A Soldier Comes Home

Only the most hard-hearted won’t be happy that Sgt. Bowe Bergdahl will soon be coming home to his family after five years as a prisoner of Afghanistan’s Taliban, but only the most soft-headed won’t have worries about how it was accomplished. Soft-headedness being so much more prevalent among the American public these days than hard-heartendness, the happiness is bound to play better in the press than the worries.
Bergdahl’s release comes in exchange for the release of five very dangerous men currently being held at the Guantanamo Bay detention facility, an arrangement of dubious legality, and is intended mainly to meet a pre-condition for negotiations with the Taliban that will likely lead to even more worrisome concessions. There are also questions about whether Bergdahl was a prisoner of war or a deserter, and ample reason to believe that he’s not the gung-ho soldier the script requires. None of this should cause any worry to the Obama administration, however, which will likely benefit from the inevitable news footage of the Sergeant and his mother embracing at last.
The emotions of that moment will be prominently displayed on the front page of every newspaper in the country and impossible to dismiss, while the potential carnage and heartbreak made possible by the release of five is less easily grasped and impossible to photograph. The Obama administration has always intended to empty Guantanamo Bay, and the return of lone American prisoner of the Afghanistan War provides an excellent opportunity to reduce its population of detainees by five. With the end of the war already scheduled to coincide with the next presidential election, regardless of conditions on the ground, the heart-touching photographs of a soldier back in his adoring hometown will be useful in the mid-terms. Should any of the released terrorists succeed in their stated goals of mass-murdering Americans, Bergdahl and the conditions of his release will be long forgotten and politely unmentioned by most of the media.
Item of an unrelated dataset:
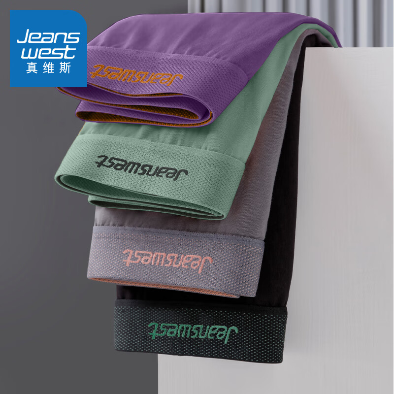 真维斯男士内裤纯棉男生平角裤运动裤衩男式四角裤短裤头大码 紫色+灰色+黑色+绿色4条装 3XL 130-150斤

Any questions of legality should also be answered by that front page photo of the mother and child reunion. From Obamacare to the Mexican border to the bureaucrats of the Internal Revenue Service such niceties as the rule of law are routinely flouted, and few will insist on any sort of punctiliousness when the administration can claim with a straight face that after five years they had too short a time to comply with the law and still save Bergdahl’s life. That the law was intended to prevent the release of dangerous terrorists will be little noted for the reasons explained in the previous paragraph.
Nor will most of the public take notice that while the administration is declaring something akin to victory in Afghanistan it is opening negotiations with the enemy by making concessions. At this point the left that opposed the war from the beginning is willing to end it on any terms, the right that supported the effort has long since given hope that the current administration will see it to a successful conclusion, and the vast majority of those in the middle will be satisfied that they don’t have to hear about it anymore. The mother and child reunion will be the happiest memory of the war, and the only one that sticks.
If Bergdahl proves less than the heroic figure required for the role, they can always change the script. A man embittered by the futile war that George W. Bush started but but liberated from its captivity by the noble Obama who ended it will make a suitable narrative, no matter that Obama had also advocated the war and was running it at the time of Bergdahl’s capture. Even the most far-fetched story lines work when the visuals are so strong as a small town and a mother embracing a returning soldier.
Which is not to say that we’re so hard-hearted we won’t be a bit choked up when he’s back on American soil. We’re glad he’s coming home, and would advise any Republicans raising pertinent questions to make clear that they are as well. The cold calculations of war are unappealing, as as anyone who fell for the sappy sentimentalism of “Saving Private Ryan” should realize, and one should always make them with a realization of the humanity at stake, and not be indifferent to the emotion of a mother and child reunion. Still, those worries persist.